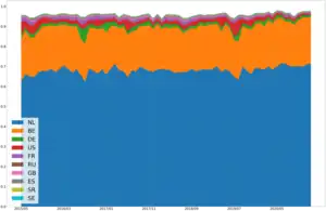 Evolution of the origin of viewers on the Dutch Wikipedia
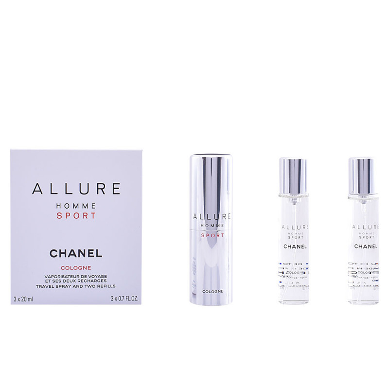 CHANEL ALLURE HOMME SPORT COLOGNE eau de toilette vaporizador de viaje y 2 recargas 3 x 20 ml
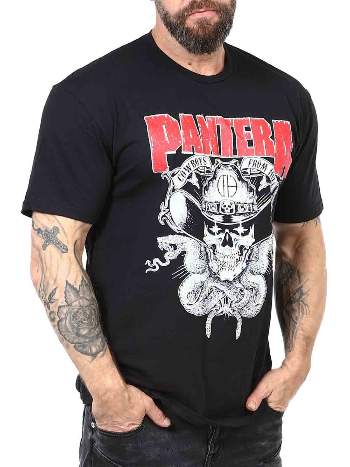 Band Merch Pantera Cowboys From Hell t-paita mustana on pakollinen hankinta legendaarisen metallimusiikin faneille.
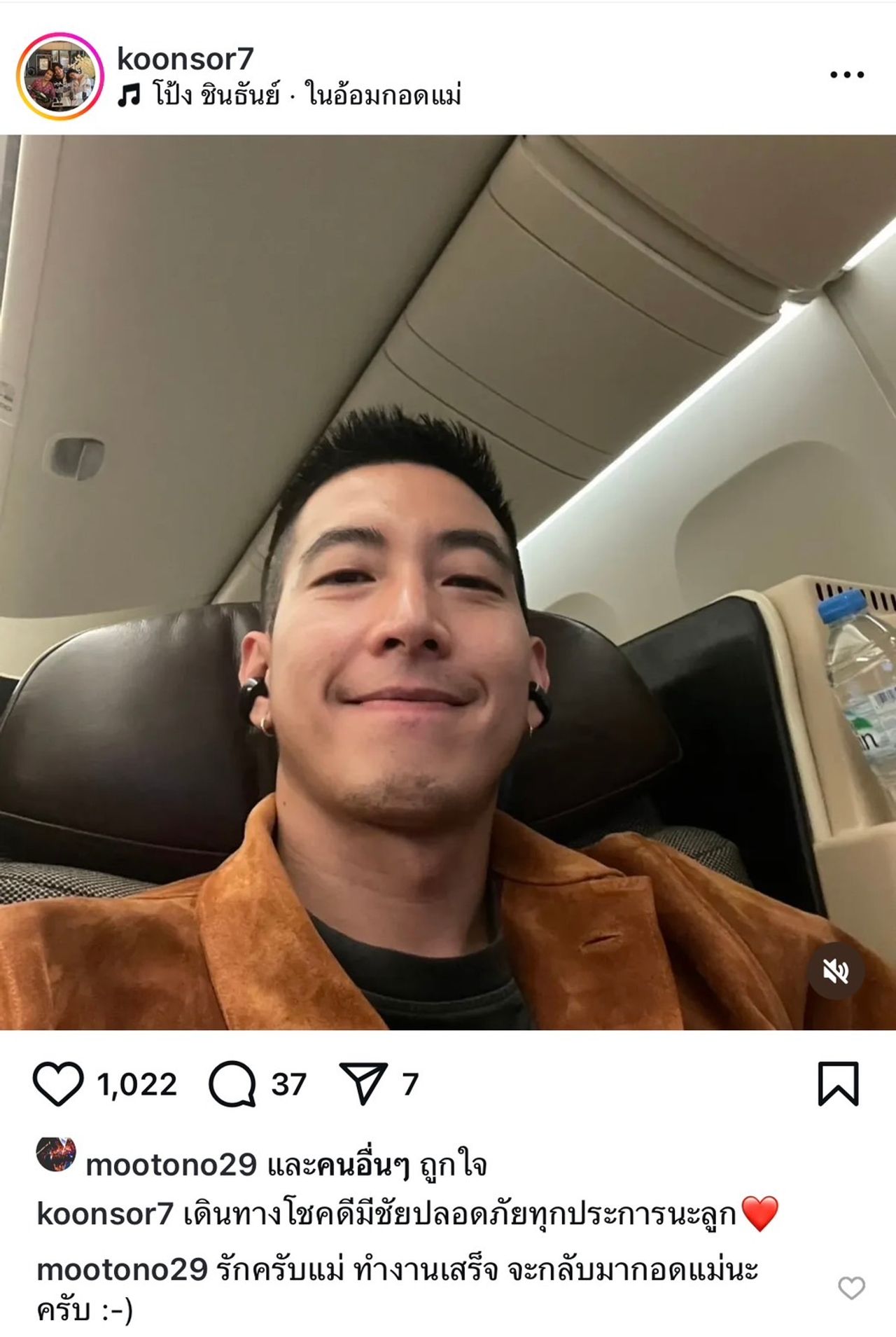 งานนี้ คุณแม่น้อย สุดลมโชย ก็ได้โพสต์รูปลูกชายสุดที่รักพร้อมกับเขียนแคปชั่นเอาไว้ว่า "เดินทางโชคดีมีชัยปลอดภัยทุกประการนะลูก" ซึ่งโตโน่ก็ได้คอมเมนต์ตอบกลับคุณแม่ว่า "รักครับแม่ ทำงานเสร็จ จะกลับมากอดแม่นะครับ :-)" ซึ่งคุณแม่น้อยก็ได้โพสต์รูปอีโมจิหัวใจสีแดงตอบกลับลูกชายอีกด้วย

DESCRIPTION OF THE TASK: Whenever a picture appears in the listing, leave it out; copy everything else exactly.

REPLY:
 Evolution of the origin of viewers on the Dutch Wikipedia
 CHANEL ALLURE HOMME SPORT COLOGNE eau de toilette vaporizador de viaje y 2 recargas 3 x 20 ml
 Band Merch Pantera Cowboys From Hell t-paita mustana on pakollinen hankinta legendaarisen metallimusiikin faneille.
 งานนี้ คุณแม่น้อย สุดลมโชย ก็ได้โพสต์รูปลูกชายสุดที่รักพร้อมกับเขียนแคปชั่นเอาไว้ว่า "เดินทางโชคดีมีชัยปลอดภัยทุกประการนะลูก" ซึ่งโตโน่ก็ได้คอมเมนต์ตอบกลับคุณแม่ว่า "รักครับแม่ ทำงานเสร็จ จะกลับมากอดแม่นะครับ :-)" ซึ่งคุณแม่น้อยก็ได้โพสต์รูปอีโมจิหัวใจสีแดงตอบกลับลูกชายอีกด้วย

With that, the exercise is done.